Reputation: 1365
I have a data set which has a some big groups, and subgroups (small groups).
I want to select small group 1 for each big group. But, if small group one doesn't exist in big group, select subgroup 2. My example below stops here, but ideally this would continue to work, so if subgroup 2 is not found, select subgroup 3. etc. In the example I use numbers but my focus is on doing this with factor levels.
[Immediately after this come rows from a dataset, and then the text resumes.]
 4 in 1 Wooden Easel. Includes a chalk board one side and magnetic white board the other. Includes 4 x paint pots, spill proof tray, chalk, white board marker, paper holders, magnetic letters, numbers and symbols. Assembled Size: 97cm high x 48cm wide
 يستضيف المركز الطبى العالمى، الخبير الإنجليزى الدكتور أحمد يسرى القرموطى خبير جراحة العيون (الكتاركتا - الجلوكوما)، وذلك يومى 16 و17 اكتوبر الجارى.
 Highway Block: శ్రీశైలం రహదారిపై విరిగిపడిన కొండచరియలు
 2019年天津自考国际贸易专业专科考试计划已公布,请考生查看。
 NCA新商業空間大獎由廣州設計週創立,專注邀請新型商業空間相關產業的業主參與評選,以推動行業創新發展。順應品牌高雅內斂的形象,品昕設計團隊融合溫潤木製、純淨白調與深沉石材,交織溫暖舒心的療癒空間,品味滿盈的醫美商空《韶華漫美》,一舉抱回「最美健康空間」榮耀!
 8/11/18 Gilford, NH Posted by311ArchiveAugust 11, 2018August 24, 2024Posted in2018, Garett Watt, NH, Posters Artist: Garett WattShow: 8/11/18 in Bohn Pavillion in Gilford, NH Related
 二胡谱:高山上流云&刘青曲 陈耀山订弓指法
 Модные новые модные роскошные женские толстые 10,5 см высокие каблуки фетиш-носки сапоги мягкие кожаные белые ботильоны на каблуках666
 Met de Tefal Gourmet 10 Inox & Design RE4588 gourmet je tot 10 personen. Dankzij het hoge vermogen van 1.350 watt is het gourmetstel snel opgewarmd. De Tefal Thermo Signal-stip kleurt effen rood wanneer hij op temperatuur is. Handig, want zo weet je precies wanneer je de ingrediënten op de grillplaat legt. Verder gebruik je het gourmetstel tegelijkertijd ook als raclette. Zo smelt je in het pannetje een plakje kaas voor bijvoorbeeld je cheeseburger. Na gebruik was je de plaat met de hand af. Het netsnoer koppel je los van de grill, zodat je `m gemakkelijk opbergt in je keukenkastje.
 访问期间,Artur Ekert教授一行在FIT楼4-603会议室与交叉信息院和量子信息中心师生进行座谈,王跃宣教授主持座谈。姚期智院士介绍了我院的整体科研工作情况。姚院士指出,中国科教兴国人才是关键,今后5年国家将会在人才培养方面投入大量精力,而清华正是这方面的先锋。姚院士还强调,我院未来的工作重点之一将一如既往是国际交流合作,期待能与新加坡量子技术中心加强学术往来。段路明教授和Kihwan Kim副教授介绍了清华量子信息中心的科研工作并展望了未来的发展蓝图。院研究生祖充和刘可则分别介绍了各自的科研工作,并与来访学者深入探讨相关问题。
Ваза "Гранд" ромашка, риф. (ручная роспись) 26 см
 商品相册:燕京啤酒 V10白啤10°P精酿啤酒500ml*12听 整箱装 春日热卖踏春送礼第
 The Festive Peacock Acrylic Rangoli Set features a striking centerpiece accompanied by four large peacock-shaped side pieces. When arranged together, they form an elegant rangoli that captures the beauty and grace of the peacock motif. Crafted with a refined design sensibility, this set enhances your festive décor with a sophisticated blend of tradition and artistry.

Is this possible with factors in dplyr? assuming the factor levels are ordered in terms of importance?
Here is my example data:
set.seed(123)
big_group = rep(1:3, each = 6)
small_group = c(sample(1:2, size = 6, replace = TRUE),
rep(1, each = 6),
rep(2, each = 6)) %>%
as.factor()
d = data.frame(big_group,
small_group,
value = runif(n = 3 * 6))
And the ideal output would be
big_group small_group values
1 1 0.52810549
2 1 0.67757064
3 2 0.32792072
Upvotes: 2
Views: 98
Reputation: 11878
Combining both answers from @akrun and @KarolisKoncevičius you could also just do:
d %>%
group_by(big_group) %>%
slice(which.min(small_group))
#> # A tibble: 3 x 3
#> # Groups: big_group [3]
#> big_group small_group value
#> <int> <fct> <dbl>
#> 1 1 1 0.528
#> 2 2 1 0.678
#> 3 3 2 0.328
Upvotes: 2
Reputation: 887118
We group by 'big_group', filter
the rows having the min
value for 'small_group', and then slice
the first row
d %>%
group_by(big_group) %>%
filter(as.numeric(small_group) == min(as.numeric(small_group))) %>%
slice(row_number()==1)
# A tibble: 3 x 3
# Groups: big_group [3]
# big_group small_group value
# <int> <fctr> <dbl>
#1 1 1 0.528
#2 2 1 0.678
#3 3 2 0.328
Or use match
with slice
d %>%
group_by(big_group) %>%
slice(match(levels(droplevels(small_group))[1], levels(droplevels(small_group))))
Upvotes: 2
Reputation: 9656
Not a dplyr
solution but in R you can do:
do.call(rbind, by(d, d$big_group, function(x) x[which.min(d$small_group),]))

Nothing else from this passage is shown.